◆ DATASET CONTENT:

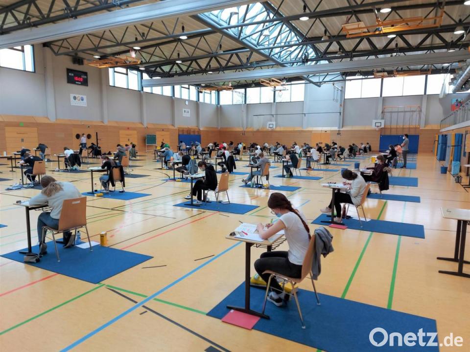 Im Abstand von fünf Metern schrieben die 81 Abiturienten des Ortenburg-Gymnasiums in der gut durchlüfteten Dreifach-Sporthalle ihr Deutsch-Abitur, das am Mittwoch den Auftakt der schriftlichen Abschlussprüfungen bildete.
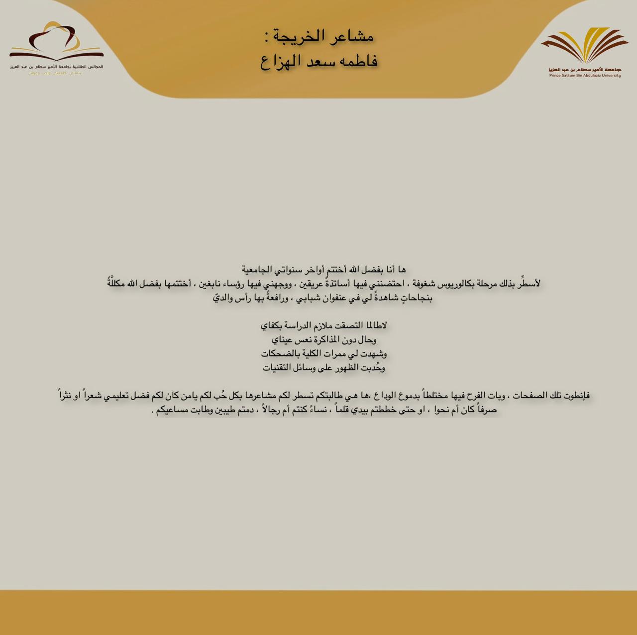 تم استقبال مشاركات الخريجات من مختلف الأقسام من يوم الأربعاء الموافق: ١١/ ٨/ ١٤٤٢هـ عبر حساب المجلس بتويتر بعنوان (مشاعر خريجة) وتم عمل مونتاج لهذه المشاركات يوم الاثنين الموافق: ٣٠ /٨/ ١٤٤٢هـ بهدف مشاركة الطالبات الخريجات مشاعرهن بالتخرج.
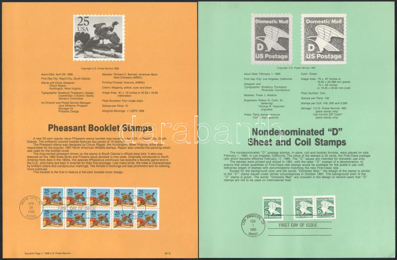 Beschreibung: USA 140 db A4-es méretű emléklap elsőnapi bélyegzésekkel, 381 db bélyeggel és 4 db blokkal
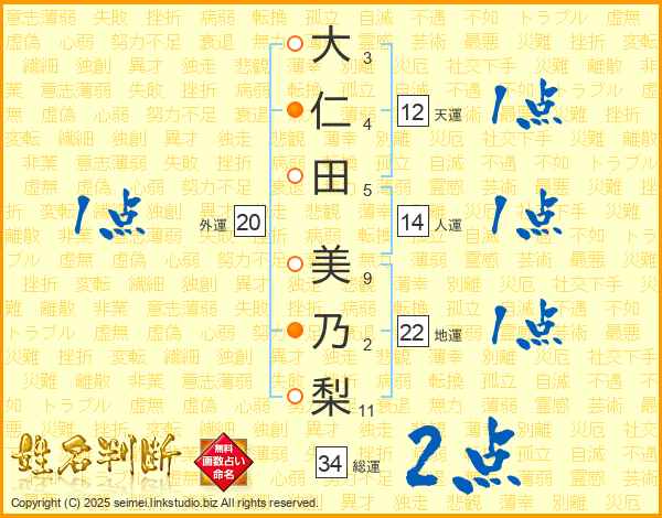 大(3画)仁(4画)田(5画) 美(9画)乃(2画)梨(11画)

◆ AIM OF THE TASK: The answer is the listing above repeated verbatim, minus its images.

◆ ANSWER SECTION:
 Im Abstand von fünf Metern schrieben die 81 Abiturienten des Ortenburg-Gymnasiums in der gut durchlüfteten Dreifach-Sporthalle ihr Deutsch-Abitur, das am Mittwoch den Auftakt der schriftlichen Abschlussprüfungen bildete.
 تم استقبال مشاركات الخريجات من مختلف الأقسام من يوم الأربعاء الموافق: ١١/ ٨/ ١٤٤٢هـ عبر حساب المجلس بتويتر بعنوان (مشاعر خريجة) وتم عمل مونتاج لهذه المشاركات يوم الاثنين الموافق: ٣٠ /٨/ ١٤٤٢هـ بهدف مشاركة الطالبات الخريجات مشاعرهن بالتخرج.
 Beschreibung: USA 140 db A4-es méretű emléklap elsőnapi bélyegzésekkel, 381 db bélyeggel és 4 db blokkal
 大(3画)仁(4画)田(5画) 美(9画)乃(2画)梨(11画)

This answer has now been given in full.